Oliver raised his eyebrows. “What’s so weird about Mr. BearBear?”
“Oliver!” Her tone begged him to take pity on her, but he only looked at her expectantly.
She sighed. “Mr. BearBear is just a warm, snuggly stuffed bear. Exactly as you’d expect.”
He shook his head seriously. “I have no expectations when it comes to Mr. BearBear.”
Felicity scoffed loudly, at a loss for words. She did the only thing she could think of: she grabbed the pillow from behind her back and hurled it at him.
He dodged it easily, laughing, and it went careening into the coffee table where it bounced off her laptop and knocked over Oliver’s tea mug.
Felicity yipped in horror, imagining a tea-meeting-laptop disaster, but Oliver reached over and picked up the mug, holding it up so she could see inside. “Empty.”
Felicity nodded in relief.
“Which means,” he set the mug back on the coffee table, fighting a strange wave of reluctance, “it’s probably time for me to go.” He adopted a neutral expression and turned to face her.

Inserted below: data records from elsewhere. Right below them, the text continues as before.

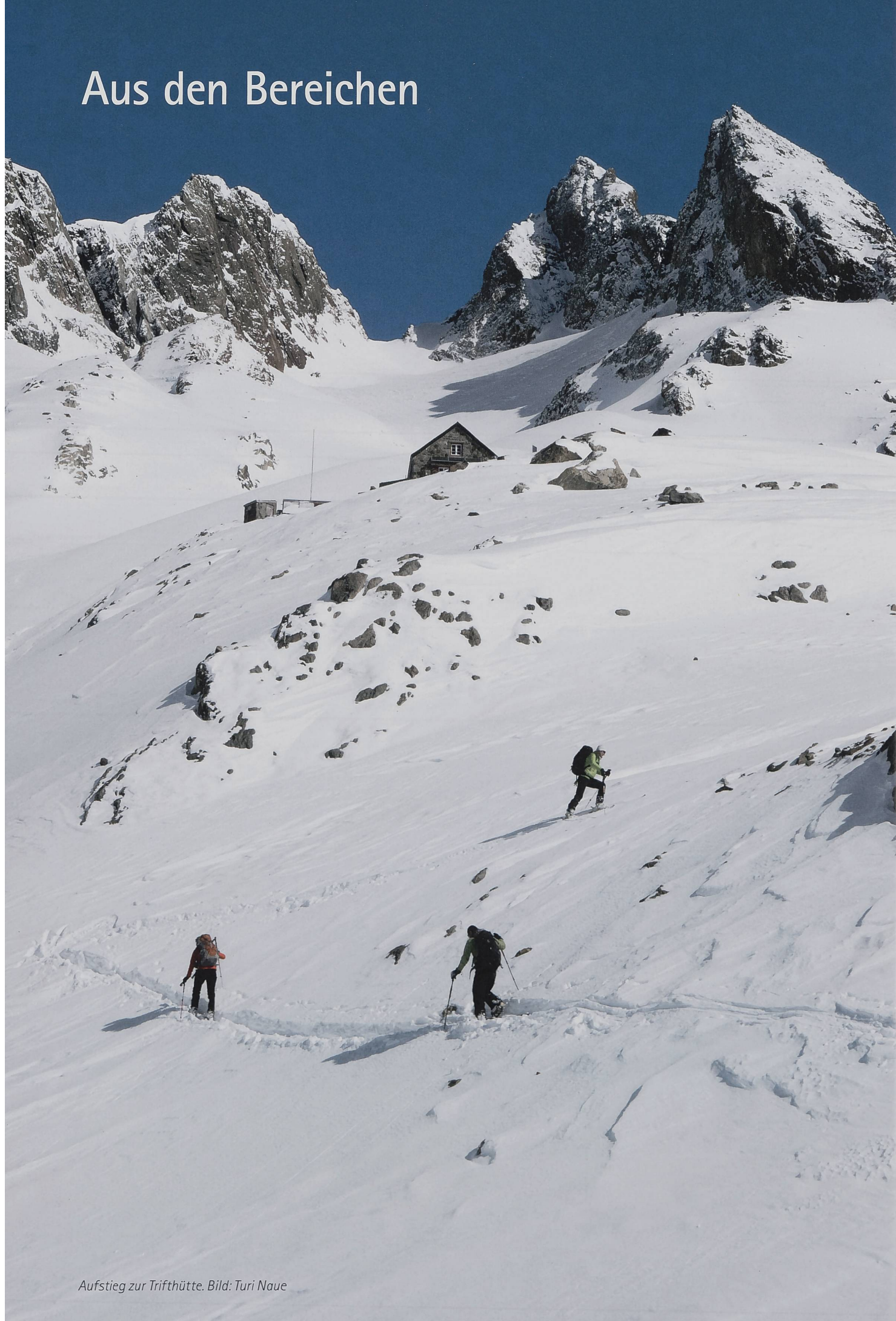
Aufstieg zur Trifthütte.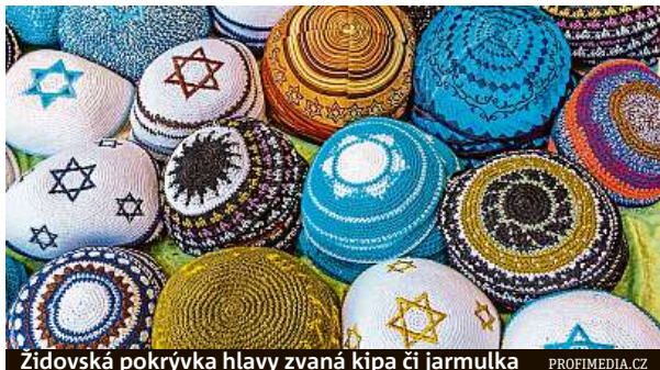
Židovská pokrývka hlavy zvaná kipa či jarmulka

„Když budou politika a společnost proti antisemitismu postupovat společně, pak máme skutečnou šanci tento boj vyhrát,“ řekl Klein. Sobotu pro svou výzvu zvolil kvůli tomu, že se v Berlíně očekávají protiizraelské demonstrace, které se v minulosti zvrhly i v protižidovské výpady. Protesty se uskuteční u příle-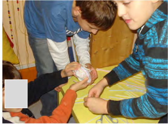
Die fertigen Werke...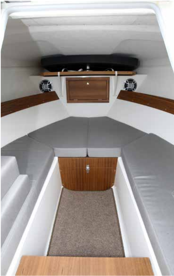
Bra och rymlig kabin med plats för att övernatta.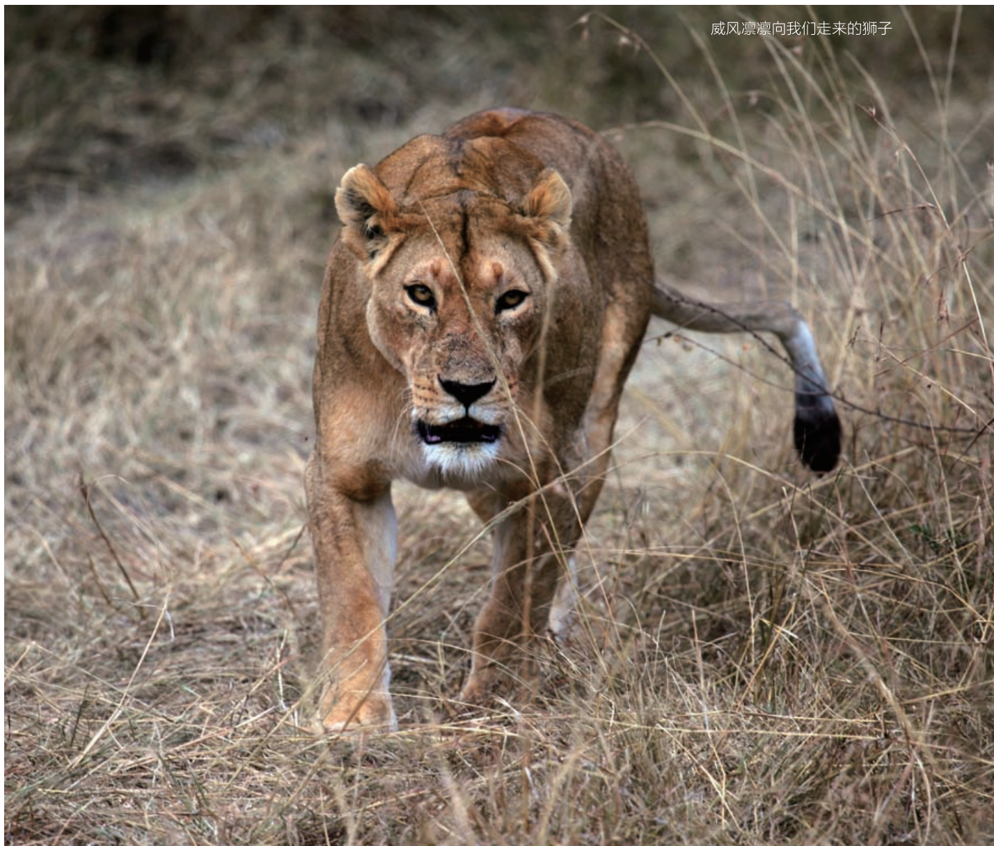
威风凛凛向我们走来的狮子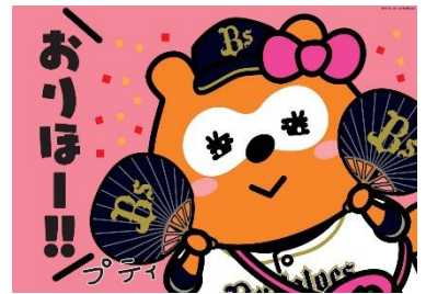
応援フラッグ (紙製) ・裏 ※4デザインのうちいずれかをプレゼント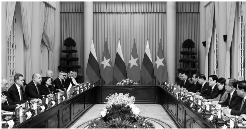
● Chủ tịch nước Lương Cường và Tổng thống Bulgaria Rumen Radev hội đàm.

Nhận lời mời của Chủ tịch nước Lương Cường, Tổng thống Cộng hòa Bulgaria Rumen Radev và Phu nhân cùng Đoàn đại biểu cấp cao Nhà nước Bulgaria tiến hành chuyến thăm chính thức Việt Nam từ ngày 24 - 28/11/2024. Sáng 25/11, tại Phủ Chủ tịch, sau Lễ đón chính thức trọng thể, Chủ tịch nước Lương Cường đã hội đàm với Tổng thống Rumen Radev.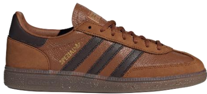
HANDBALL SPEZIAL (IH6569) 自店販売価格 ¥ 16,500 (税込)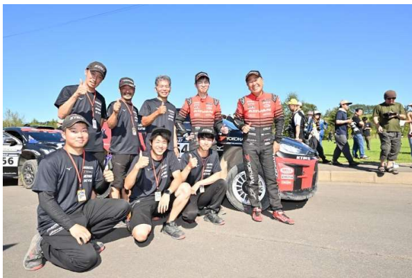
NUTAHARA RALLY TEAM メンバー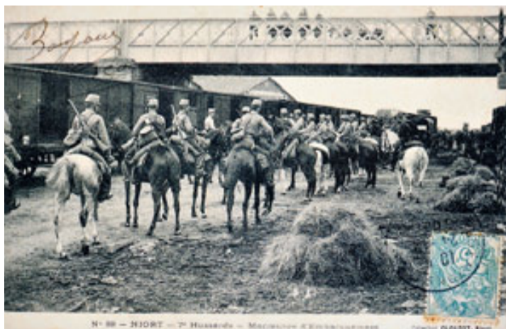
Collection Clouzot - Niort

➤ Expo du 20 sept. au 18 oct. Lectures les 20 et 21 sept. Plus d'info sur le site vivre-à-niort.com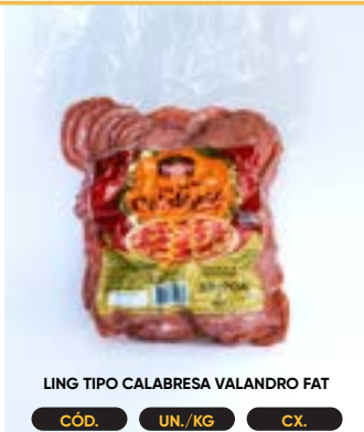
LING TIPO CALABRESA VALANDRO FAT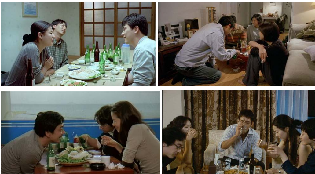
La puerta de la vuelta / La mujer es el future del hombre / Una mujer en la playa / Como lo sabéis todo: el alcohol omnipresente.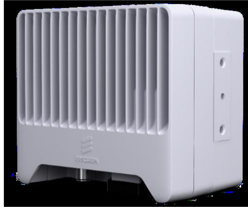
Figura 3 - Imagine exemplificare unitate ODU Mini-Link 6363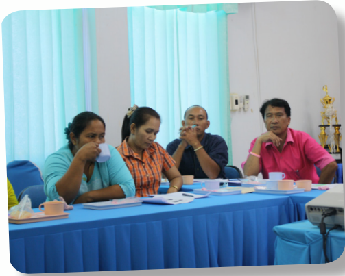
ประชุมแนวทางการทำงานลดความรุนแรงกับ อบต.บ่อแดง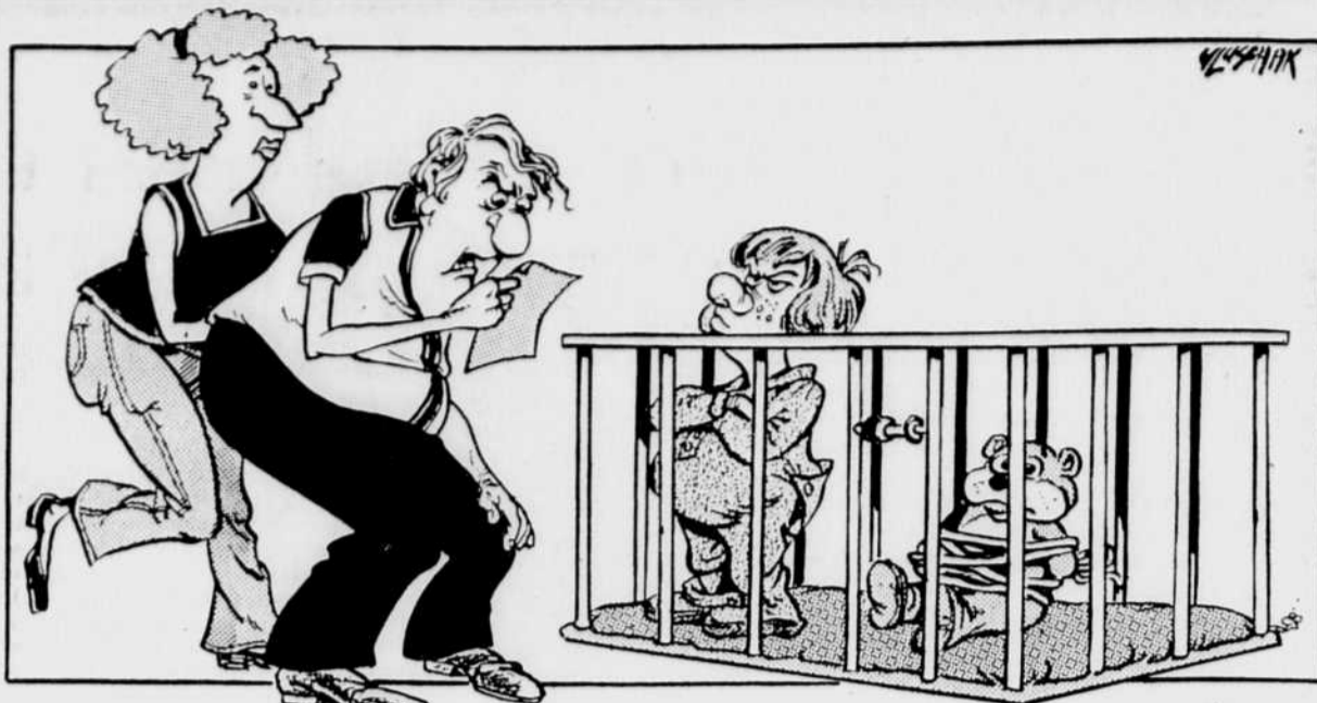
C'est écrit qu'il gardera son ours en otage tant que le Canada n'aura pas un bon réseau de garderies!

She was looking back at him, nodding with slightly widened eyes, and suddenly they were both aware of the odd intimacy of the evening, as well as the oddness of how not odd it had felt until that very moment. Distantly, Oliver felt the alarms go off in the back of his head, warning him not to get too close. But he had found that the more he tried to maintain distance from Felicity Smoak, the closer they became, so that now he couldn’t tell the difference between his attempts to push her away and his attempts to bring her close. And he realized it was too late to do anything about it anyway.
“Yeah, yeah. We have an early morning at QC tomorrow.” She stood up. “Well, at least I do.”
Oliver stood too, giving her a small, grateful smile that acknowledged how much time she put in at the office. “So I’ll see you tomorrow, then.”
She walked him to the door, opened it, and he walked through before turning around to face her. “Thanks for stopping by to check on me tonight.”
He nodded, meeting her eyes sheepishly. “I’m sorry I didn’t try very hard when I knocked at your door.”
She held his gaze for an extended moment as the memory of their strangely comfortable evening settled around them. “Try harder, next time.”
And his eyes and lips lifted in that tiny smile as he nodded slowly. “I will.”